Bro, you’re planning to set up a TiDB with 4GB of RAM? It won’t even start. Even laptops now come with 16GB of RAM.

translator_bot · June 21, 2024, 5:16pm

| username: 哈喽沃德 | Original post link

[root@hdty-dmdca log]# tiup cluster start tidb-cluster
tiup is checking updates for component cluster …
Starting component cluster: /data/components/cluster/v1.13.1/tiup-cluster start tidb-cluster
Starting cluster tidb-cluster…

[ Serial ] - SSHKeySet: privateKey=/data/storage/cluster/clusters/tidb-cluster/ssh/id_rsa, publicKey=/data/storage/cluster/clusters/tidb-cluster/ssh/id_rsa.pub
[Parallel] - UserSSH: user=tidb, host=172.16.60.94
[Parallel] - UserSSH: user=tidb, host=172.16.60.94
[Parallel] - UserSSH: user=tidb, host=172.16.60.94
[Parallel] - UserSSH: user=tidb, host=172.16.60.94
[Parallel] - UserSSH: user=tidb, host=172.16.60.94
[Parallel] - UserSSH: user=tidb, host=172.16.60.94
[Parallel] - UserSSH: user=tidb, host=172.16.60.94
[Parallel] - UserSSH: user=tidb, host=172.16.60.94
[ Serial ] - StartCluster
Starting component pd
Starting instance 172.16.60.94:2379
Start instance 172.16.60.94:2379 success
Starting component tikv
Starting instance 172.16.60.94:20160
Starting instance 172.16.60.94:20162
Starting instance 172.16.60.94:20161
Start instance 172.16.60.94:20160 success
Start instance 172.16.60.94:20161 success
Start instance 172.16.60.94:20162 success
Starting component tidb
Starting instance 172.16.60.94:4000
Start instance 172.16.60.94:4000 success
Starting component tiflash
Starting instance 172.16.60.94:9000
Start instance 172.16.60.94:9000 success
Starting component prometheus
Starting instance 172.16.60.94:9090
Start instance 172.16.60.94:9090 success
Starting component grafana
Starting instance 172.16.60.94:3000
Start instance 172.16.60.94:3000 success
Starting component node_exporter
Starting instance 172.16.60.94
Start 172.16.60.94 success
Starting component blackbox_exporter
Starting instance 172.16.60.94
Start 172.16.60.94 success
[ Serial ] - UpdateTopology: cluster=tidb-cluster
Started cluster tidb-cluster successfully
[root@hdty-dmdca log]#

translator_bot · June 21, 2024, 5:16pm

| username: 哈喽沃德 | Original post link

After running it a few more times, it actually started up.

translator_bot · June 21, 2024, 5:16pm

| username: tidb菜鸟一只 | Original post link

With 4GB of memory, check the memory usage after you start up.

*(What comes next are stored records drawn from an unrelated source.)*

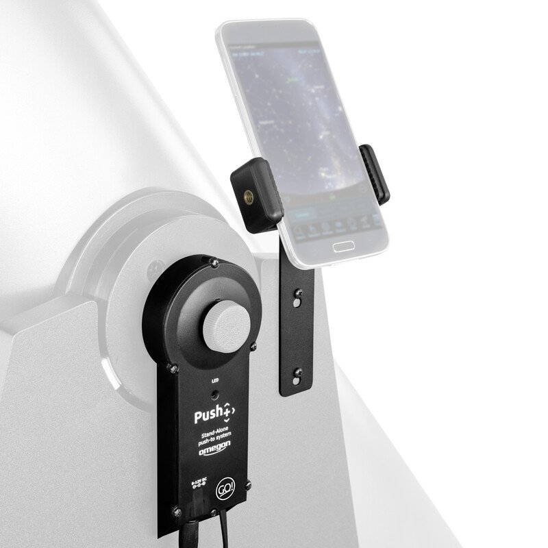 - Instalação do sistema para localizar objetos celestes com a tecnologia Push-to-Find para os telescópios Omegon Advanced X, GSO Classic, Orion SkyQuest Dobson e ICS Galaxy Dobson
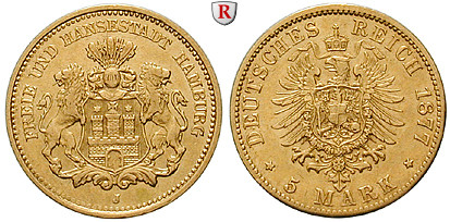 5 Mark 1877 J. J. 208; GOLD, sehr schön + / sehr schön-vorzüglich
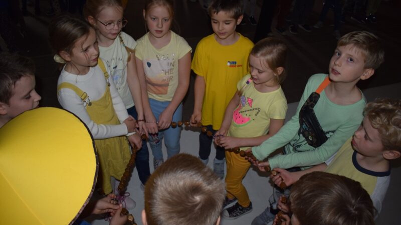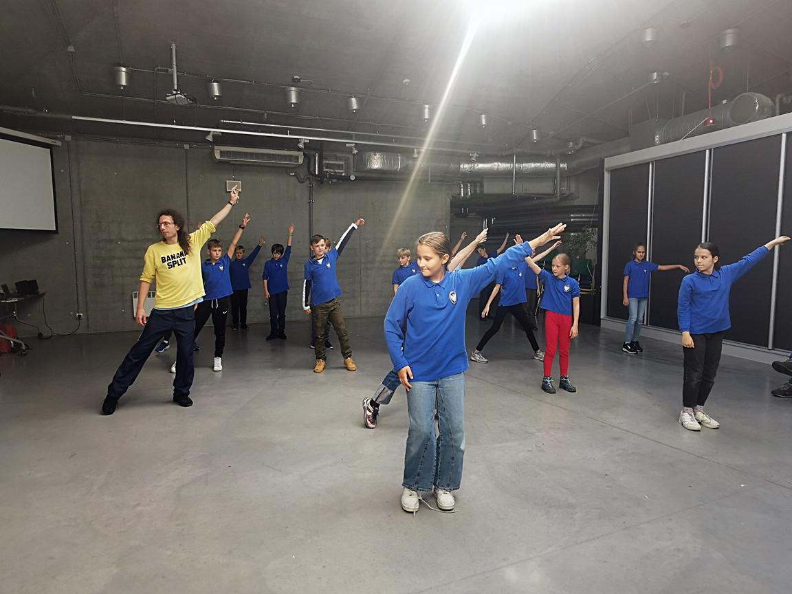 Uczniowie klasy 5 podczas wizyty na lekcji warsztatowej w Centrum Nauki Kopernik, zorganizowanej w ramach Warszawskiego Festiwalu Nauki, na podstawie układu tanecznego omawiali własności figur geometrycznych a także poznali podstawowe pomiary fizyczne ruchu ciała .
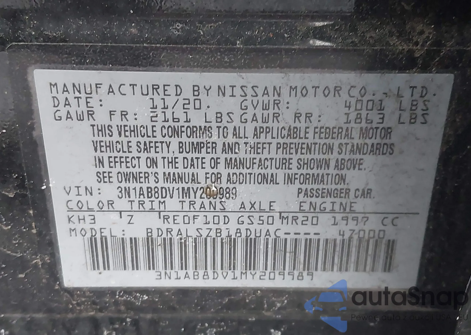 • VIN 3N1AB8DV1MY209989
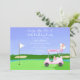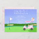 Este convite de festas de aniversário de 30 anos de golfe foi desenhado com o convidado de honra no coração do seu charme. Ele apresenta um coração colocando verde e um alfinete de bandeirola na brisa. Um carrinho de golfe, festivamente adornado com champanhe, presentes, balões e um bolo de aniversário personalizado, estabelece a cena para celebração. Uma festa divertida que repousa sobre o saco de golfe, acrescentando um detalhe divertido e festivo.
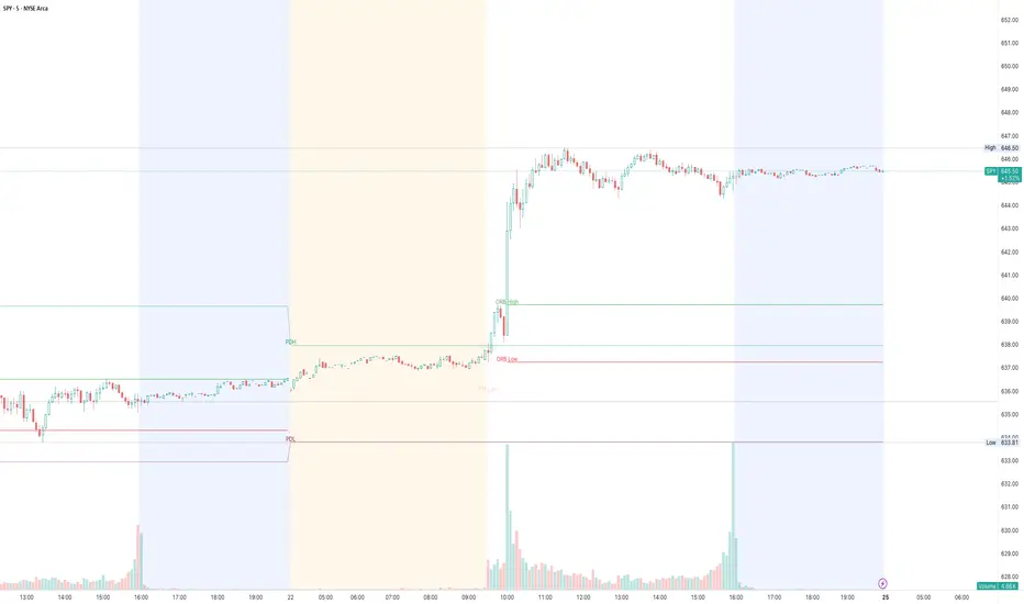 - Opening Range (ORB): Calculates and displays the high and low of a user-defined opening period (e.g., the first 30 minutes). The levels appear only after the range is established.

I estimate that you will soon be unable to connect to the machine. Once the memory is used up, you won’t even be able to connect remotely.

translator_bot · June 21, 2024, 5:16pm

| username: 哈喽沃德 | Original post link

[root@hdty-dmdca log]# free -m
total used free shared buff/cache available
Mem: 4675 3904 125 50 645 437
Swap: 8191 6571 1620
[root@hdty-dmdca log]#

translator_bot · June 21, 2024, 5:16pm

| username: 随缘天空 | Original post link

The configuration is too low. I encountered the same problem before. You can refer to the following link: 快速上手TiDB--在单机上模拟部署生产环境集群--启动失败 - #21，来自有猫万事足 - TiDB 的问答社区

translator_bot · June 21, 2024, 5:16pm

| username: 哈喽沃德 | Original post link

There is still 600M available, and 6G of swap has been used.